Records from a data source:
######

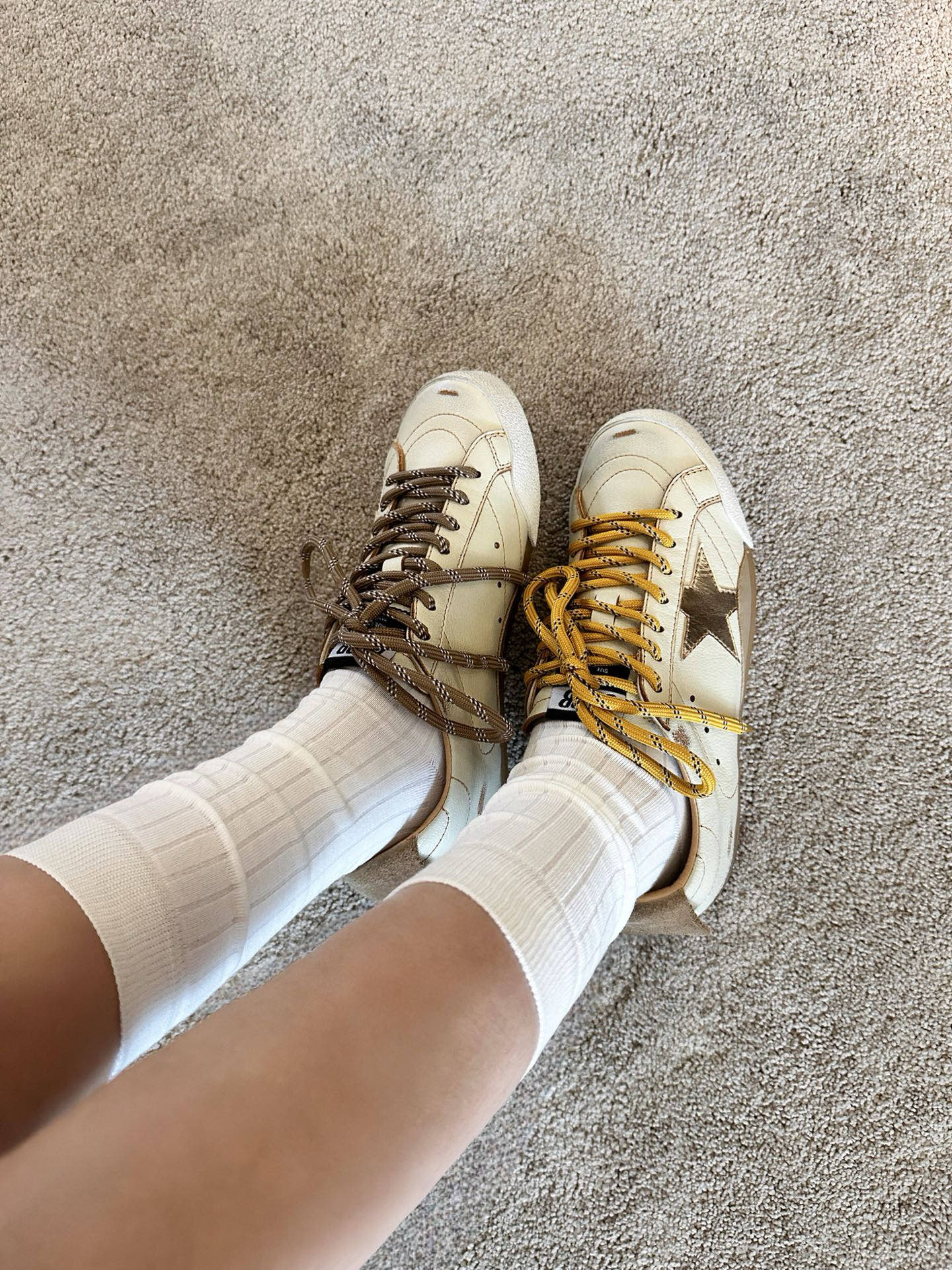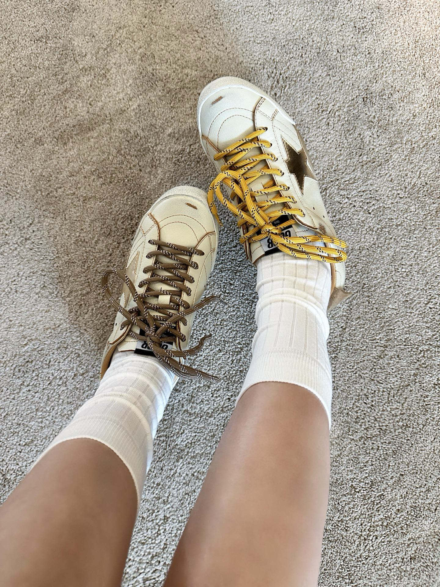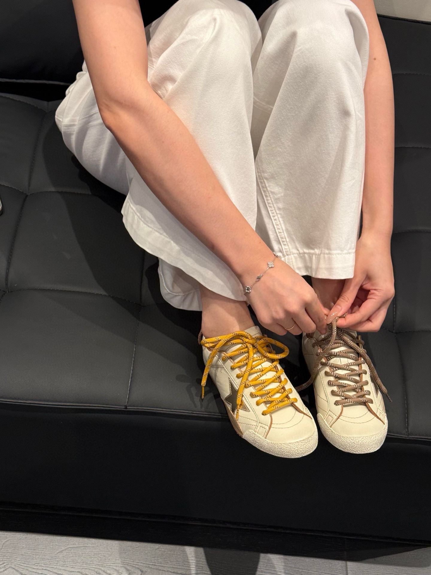 这款鞋子是AAAAA 1:1 质量 (非常棒). 使用了和原版一模一样的材料. 商标部分也保持了和Golden Goose一样. 图片拍摄是实物鞋子拍摄, 您所收到的实物保证和我们图片一模一样.
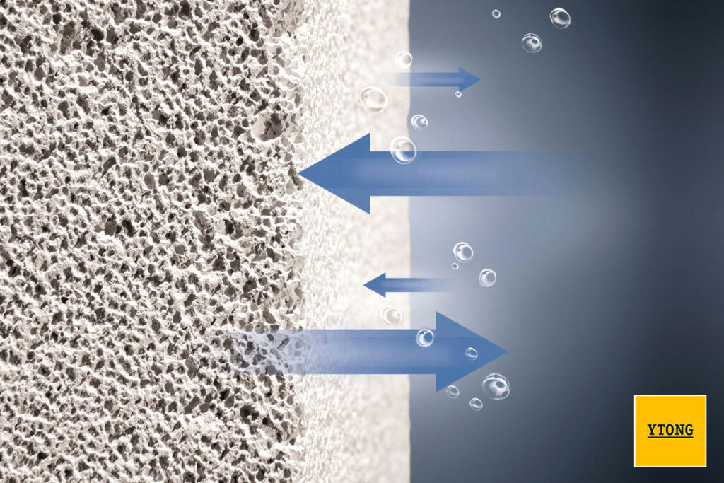 Zahvaljujoč naravni sestavi in povečani strukturi Ytong nevtralizira temperaturna nihanja in uravnava zračno vlago ter zagotavlja zdravo in udobno bivanje. Ytong odlikuje izjemna paroprepustnost, ki omogoča, da stene vašega doma »dihajo« z vami. Preprosto – globoko vdihnite in se sprostite!
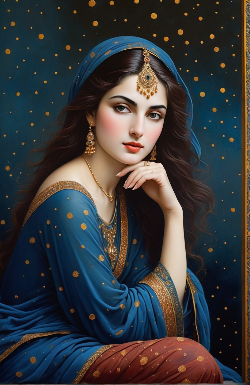 fashionable young enchantress, magic realism, misty morning. 3rd century Persian miniature art . dark sky-blue and dark gold, energy-filled illustrations, delicate pointillism, bold stencil, celestial, screen printing, organic (Padmanabha
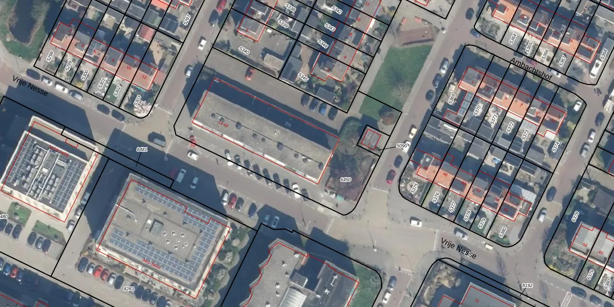 Het perceel waarop Vrije Nesse 36 staat heeft een oppervlakte van 2040 m². Dit is een zeer groot perceel. De perceeloppervlakte wordt geregistreerd door het Kadaster. Gedetailleerde informatie over de maten van dit perceel kunt u vinden in het rapport Kadastrale kaart met maatvoering van Vrije Nesse 36.
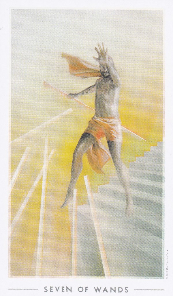 I then noticed the four cards together. Very often, one can see definite trends in the cards laid down in a spread. For her, the Temperance card above her, the Hermit to her side, the Seven of Wands, and the Four of Cups all suggested the opposite of the Empress, a pulling away, a separation, a mitigation of the potential extravagances of the joyful Queen of Queens. I talked about how she sought balance. We talked for a moment about what “temperance” actually means, and I am always a bit surprised. Perhaps I never noticed before, but it seems to me that the idea of “temperance,” of restraint against excess, against thoughtless polarization, has become foreign to people; the “middle path,” whether socially, personally, or politically, is an intellectual terra incognita.
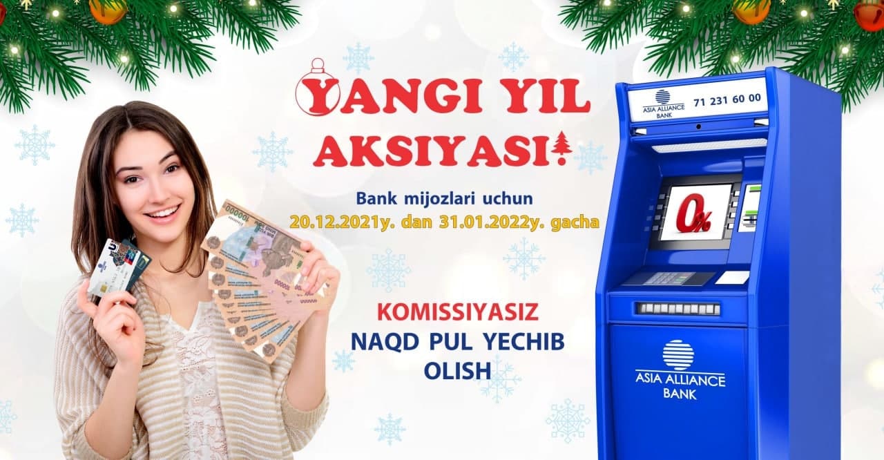 2021 yil 20 dekabrdan 2022 yil 31 yanvargacha bankning so‘mdagi karta egalariga Asia Alliance Bank o‘z bankomatlarida pul mablag‘larini komissiyasiz naqdlashtirish imkoniyatini beradi!
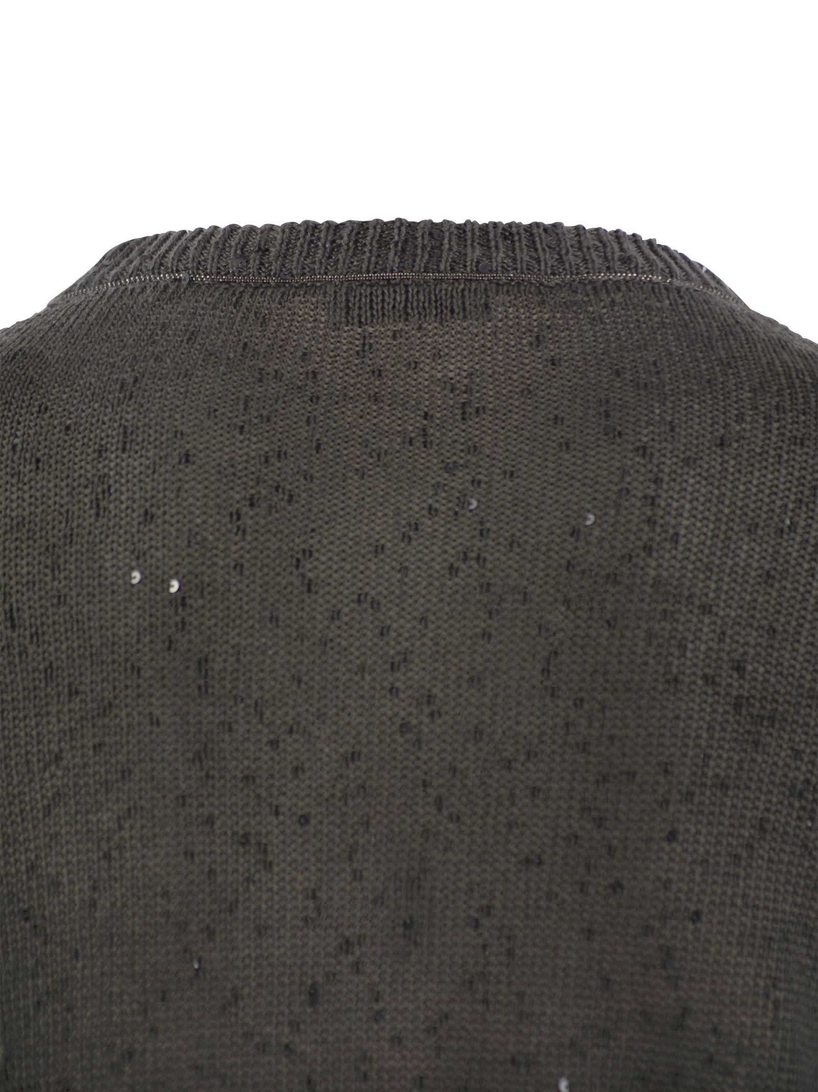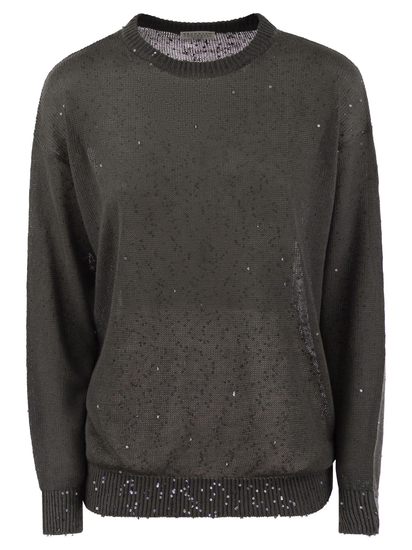 Kostbare Stricke erhöhen den wesentlichen Geschmack des schillernden Crew-Hals-Pullovers. Das Leinen- und Seidengarn ist mit zahlreichen Pailletten angereichert, die eine raffinierte und leuchtende Textur erzeugen. Die Bände des Kleidungsstücks sind regelmäßig. Ein Schmuckstrang im Nacken verleiht dem wahren Brunello -Cucinelli -Stil eine glänzende Note. .
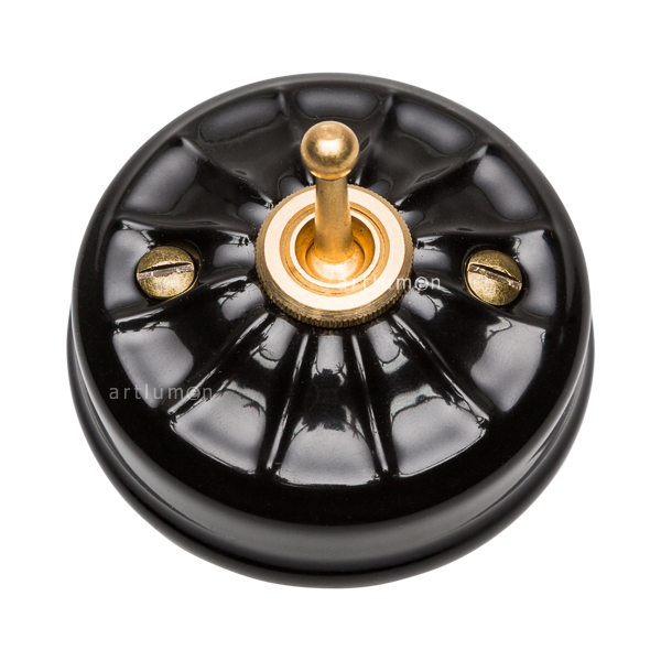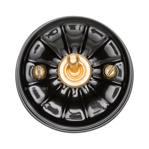 Interruptor con mecanismo conmutado de palanca, conocidos popularmente como “de rabillo”. Porcelana de alta calidad grabada con relieves vintage. El mecanismo queda elegantemente integrado en la porcelana, rematado con una arandela embellecedora metálica. La porcelana de color negro aporta una innovadora combinación de retro y vanguardismo. Combina a la perfección con nuestros enchufes de porcelana de esta misma serie.
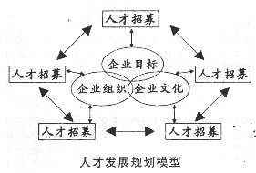 企業(yè)目標(biāo)、企業(yè)組織、企業(yè)文化是人才發(fā)展規(guī)劃的先決條件,這些內(nèi)容在企業(yè)發(fā)展規(guī)劃中需予以明確和規(guī)定。人才發(fā)展規(guī)劃本身由5個(gè)模塊組成,即:人才招募、績效評價(jià)、人才激勵、人才發(fā)展、人才退出。這5個(gè)模塊構(gòu)成了一個(gè)循環(huán),并與企業(yè)目標(biāo)、企業(yè)組織和企業(yè)文化之間發(fā)生相互作用。該模型的基本原理是Dr.W.Edwards Deming質(zhì)量管理PDCA循環(huán),P (Planning),做事要有計(jì)劃;D(Doing),按照計(jì)劃實(shí)施;C(Checking),檢查執(zhí)行情況;A(ACHEIg),經(jīng)驗(yàn)反饋與改進(jìn)。結(jié)合人力資源發(fā)展與管理工作的內(nèi)容,可以建立如圖所示的基本模型。
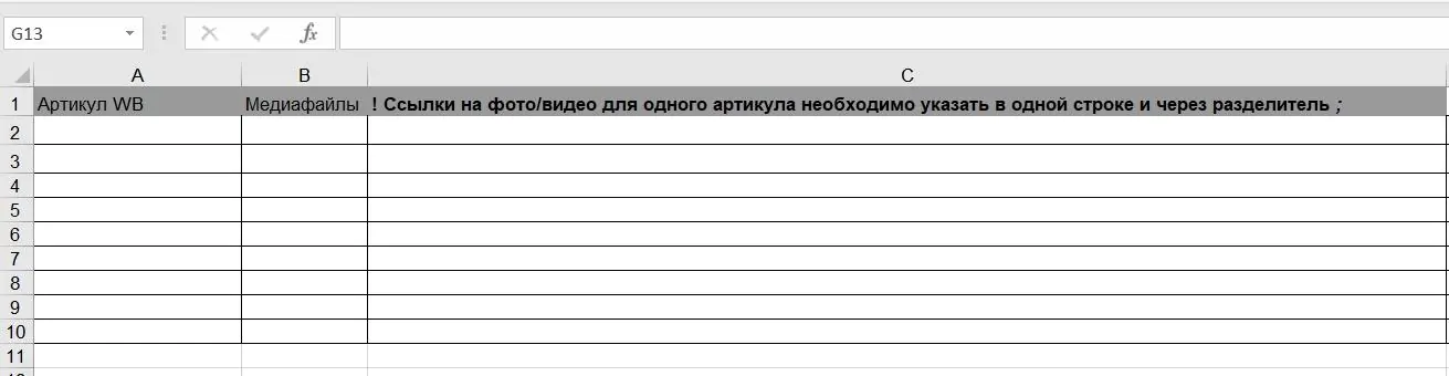 3. Укажите в таблице артикулы WB и прямые ссылки на фото и видео.
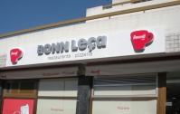 Legendas e logotipo em monobloco, frentes em acrílico revestido a vinil e laterais em alumínio lacado. Iluminação através de LED’s.
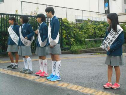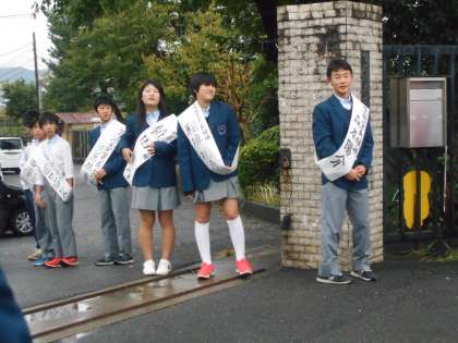 今朝もほとんどの候補者が早い時間から校門に立って、あいさつとアピールをしています。
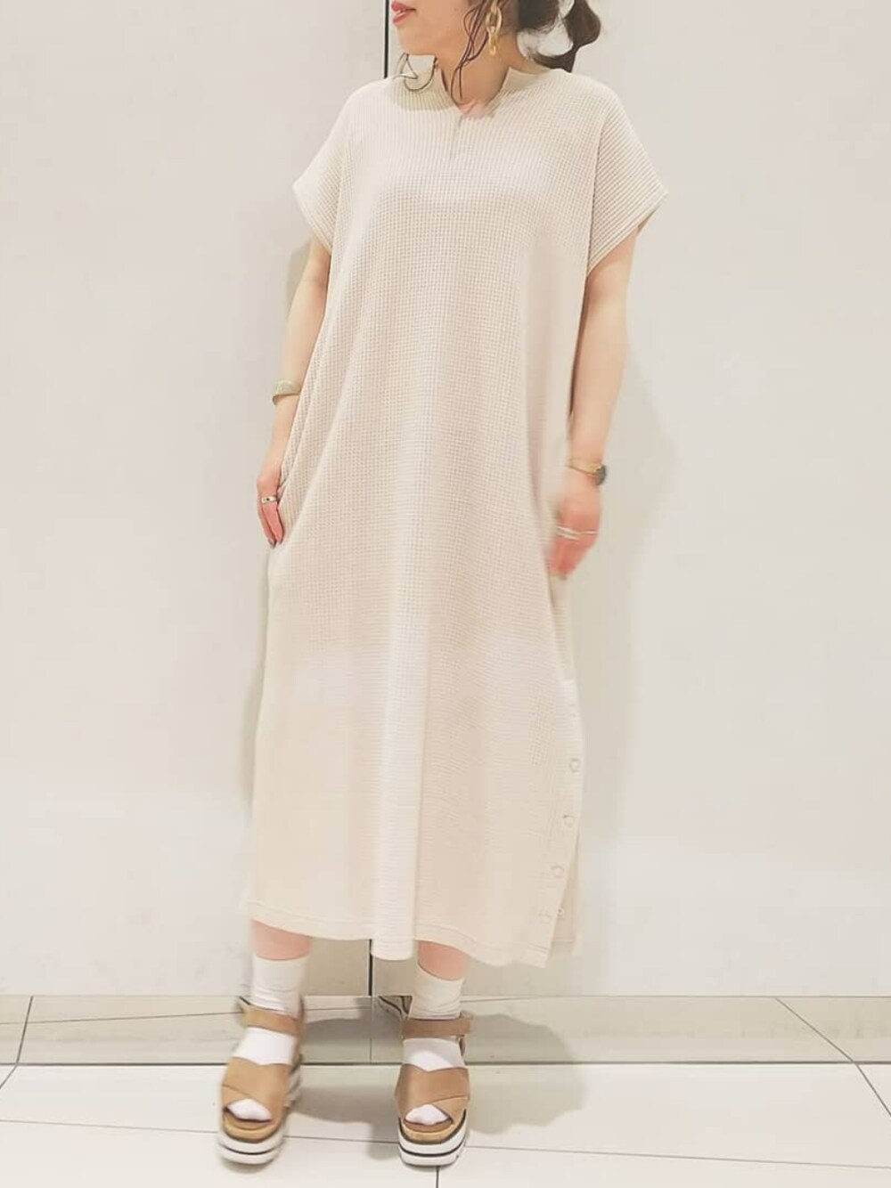 ol_izmm_のワンピース「BIGワッフルキーネックワンピ」を使ったコーディネート

######

→ GOAL OF THE EXERCISE:
Set the pictures aside and retype exactly the lines above from the line with "2021 yil 20" to the line with "Kostbare Stricke erhöhen", both included, adding no others.

→ SOLUTION TO THIS EXERCISE:
 2021 yil 20 dekabrdan 2022 yil 31 yanvargacha bankning so‘mdagi karta egalariga Asia Alliance Bank o‘z bankomatlarida pul mablag‘larini komissiyasiz naqdlashtirish imkoniyatini beradi!
 Kostbare Stricke erhöhen den wesentlichen Geschmack des schillernden Crew-Hals-Pullovers. Das Leinen- und Seidengarn ist mit zahlreichen Pailletten angereichert, die eine raffinierte und leuchtende Textur erzeugen. Die Bände des Kleidungsstücks sind regelmäßig. Ein Schmuckstrang im Nacken verleiht dem wahren Brunello -Cucinelli -Stil eine glänzende Note. .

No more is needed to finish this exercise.